Police have raided six Deutsche Bank offices in and around Frankfurt over money laundering allegations linked to the “Panama Papers”.
The public prosecutor’s office said: “Investigators are looking into the activities of two unnamed Deutsche Bank employees alleged to have helped clients set up offshore firms to launder money.
“It focuses on the years 2013 through to 2018,’’ a spokeswoman for the prosecutor’s office said.
About 170 police officers, prosecutors and tax inspectors searched the offices where written and electronic business documents were seized.
“Of course, we will cooperate closely with the public prosecutor’s office in Frankfurt, as it is in our interest as well to clarify the facts,” Deutsche Bank said.
The bank added that it believed it had already provided all the relevant information related to the “Panama Papers”.
The news came as Deutsche Bank tried to repair its tattered reputation after three years of losses and a drumbeat of financial and regulatory scandals.
Christian Sewing was appointed as chief executive in April to help the bank to rebuild, while he trimmed U.S. operations and reshuffled the management board but revenue has continued to slip.
Deutsche Bank shares were down over 2 per cent by 1409 GMT and have lost almost half their value this year.
“The investigation was triggered after investigators reviewed so-called `Offshore-Leaks’ and `Panama Papers,’’ the prosecutor said.
The “Panama Papers”, which consist of millions of documents from Panamanian law firm Mossack Fonseca, were leaked to the media in April 2016.
The prosecutors said they are looking at whether Deutsche Bank may have assisted clients to set up offshore companies in tax havens so that funds transferred to accounts at Deutsche Bank could skirt anti-money laundering safeguards.
“In 2016 alone, over 900 customers were served by a Deutsche Bank subsidiary registered on the British Virgin Islands, generating a volume of 311 million Euros,’’ the prosecutors said.
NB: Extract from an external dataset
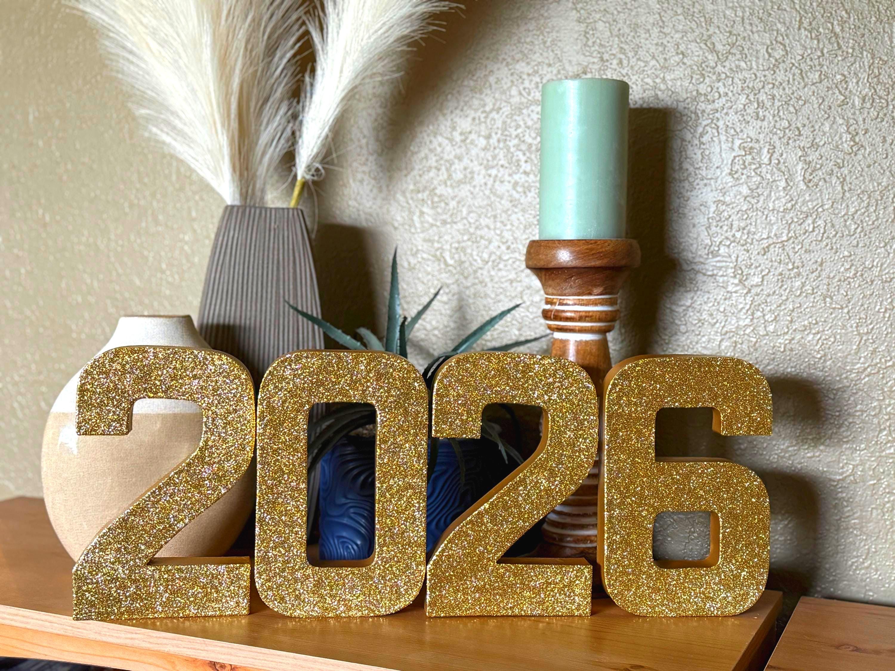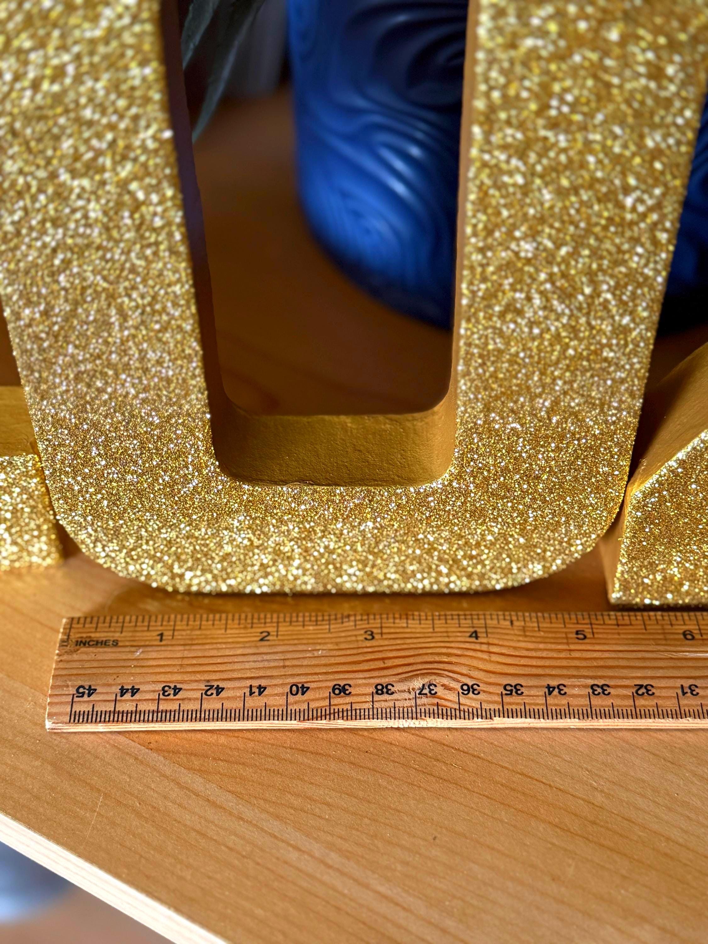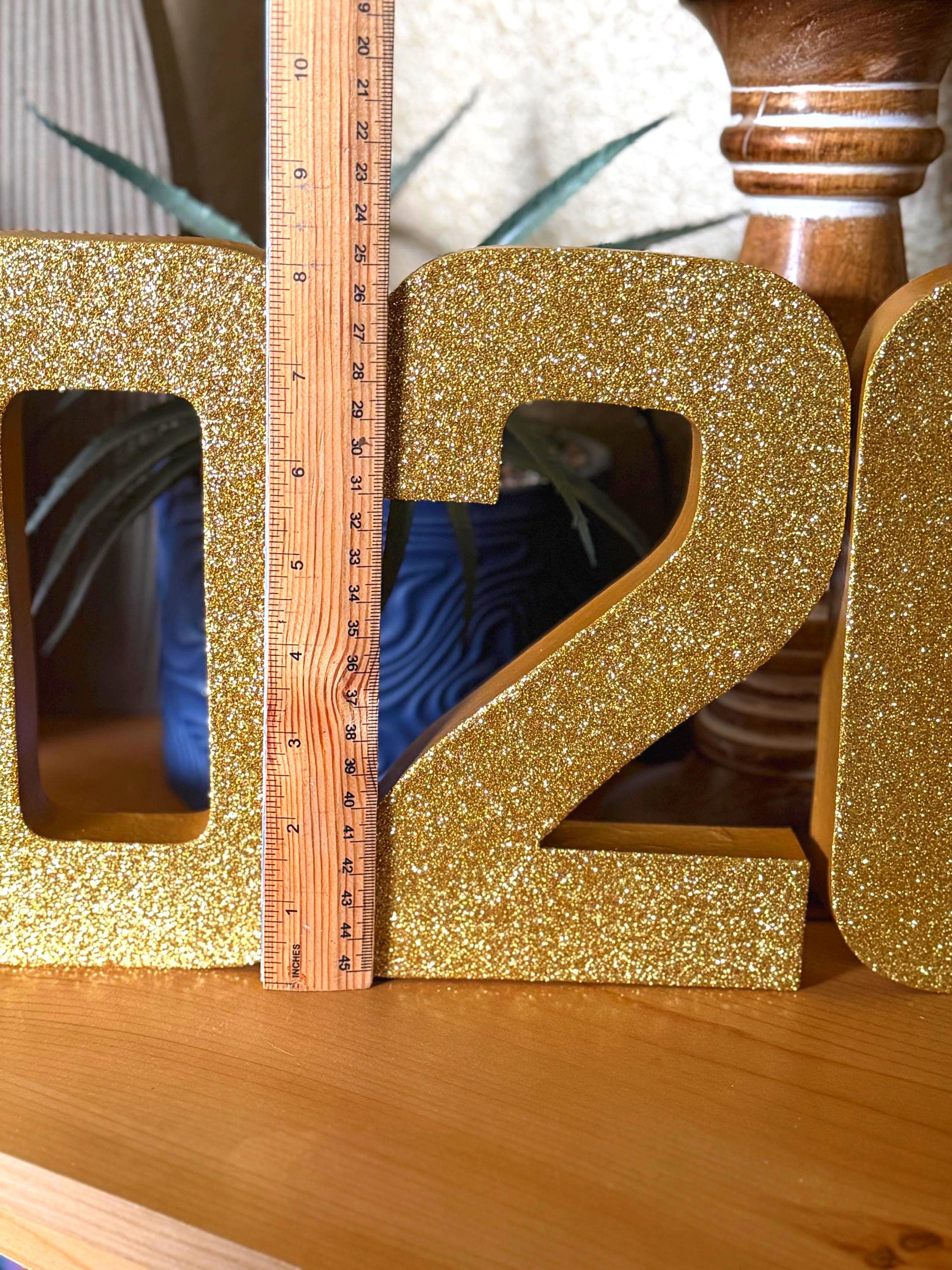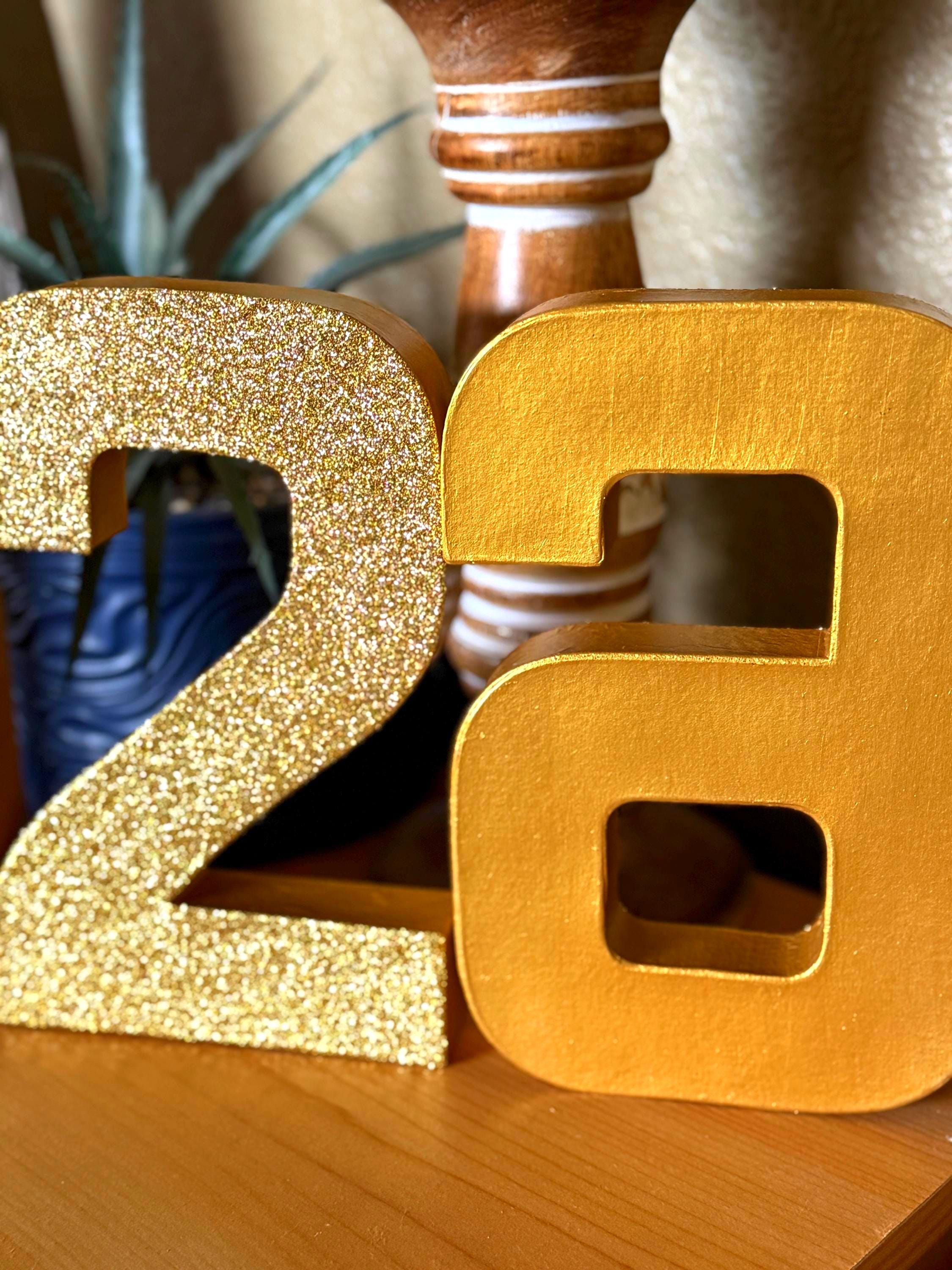 The numbers has been sealed with a clear spray to minimize glitter from shedding

They also said Deutsche Bank employees are alleged to have breached their duties by neglecting to report money laundering suspicions about clients and offshore companies involved in tax evasion schemes.
Prosecutors began the investigation in August.
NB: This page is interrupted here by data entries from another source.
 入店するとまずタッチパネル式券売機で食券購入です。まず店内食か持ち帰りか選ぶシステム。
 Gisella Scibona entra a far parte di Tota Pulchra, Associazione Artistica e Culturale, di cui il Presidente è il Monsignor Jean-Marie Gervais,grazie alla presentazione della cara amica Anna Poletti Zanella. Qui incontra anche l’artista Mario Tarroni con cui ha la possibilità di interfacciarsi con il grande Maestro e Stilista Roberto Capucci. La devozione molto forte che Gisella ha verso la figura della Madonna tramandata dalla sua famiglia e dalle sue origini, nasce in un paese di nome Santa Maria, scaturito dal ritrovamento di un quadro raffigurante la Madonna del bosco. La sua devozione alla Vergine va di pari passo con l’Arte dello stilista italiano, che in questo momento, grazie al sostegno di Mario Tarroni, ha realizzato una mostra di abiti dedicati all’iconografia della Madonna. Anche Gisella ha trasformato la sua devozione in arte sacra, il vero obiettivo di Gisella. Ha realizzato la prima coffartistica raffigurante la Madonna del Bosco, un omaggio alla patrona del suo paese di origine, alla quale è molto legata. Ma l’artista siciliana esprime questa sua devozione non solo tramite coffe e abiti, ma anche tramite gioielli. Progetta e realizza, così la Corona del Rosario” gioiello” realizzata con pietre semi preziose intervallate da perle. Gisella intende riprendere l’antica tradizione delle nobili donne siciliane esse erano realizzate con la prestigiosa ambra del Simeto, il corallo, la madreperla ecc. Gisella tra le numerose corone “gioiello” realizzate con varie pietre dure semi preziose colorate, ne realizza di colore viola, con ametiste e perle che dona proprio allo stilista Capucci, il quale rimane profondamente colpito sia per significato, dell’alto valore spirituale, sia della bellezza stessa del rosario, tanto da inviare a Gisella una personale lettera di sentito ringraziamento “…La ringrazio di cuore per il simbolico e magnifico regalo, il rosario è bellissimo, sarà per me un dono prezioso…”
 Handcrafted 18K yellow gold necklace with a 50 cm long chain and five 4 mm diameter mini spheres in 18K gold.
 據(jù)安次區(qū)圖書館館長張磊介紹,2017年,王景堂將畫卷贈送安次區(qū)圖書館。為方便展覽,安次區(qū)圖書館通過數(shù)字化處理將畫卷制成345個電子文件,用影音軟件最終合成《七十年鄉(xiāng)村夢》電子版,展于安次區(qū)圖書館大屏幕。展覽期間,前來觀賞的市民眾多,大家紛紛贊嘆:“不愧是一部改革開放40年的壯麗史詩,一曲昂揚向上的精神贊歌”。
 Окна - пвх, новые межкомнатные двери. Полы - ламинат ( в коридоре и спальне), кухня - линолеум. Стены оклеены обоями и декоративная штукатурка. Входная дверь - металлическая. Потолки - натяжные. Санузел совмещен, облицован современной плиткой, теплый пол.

It is separate from another money laundering scandal surrounding Danske Bank, where Deutsche Bank is involved.
Danske is under investigation for suspicious payments totaling 200 billion Euros from 2007 onwards and a source with direct knowledge of the case has told Reuters Deutsche Bank helped to process the bulk of the payments.
A Deutsche Bank executive director has said the lender played only a secondary role as a so-called correspondent bank to Danske Bank, limiting what it needed to know about the people behind the transactions.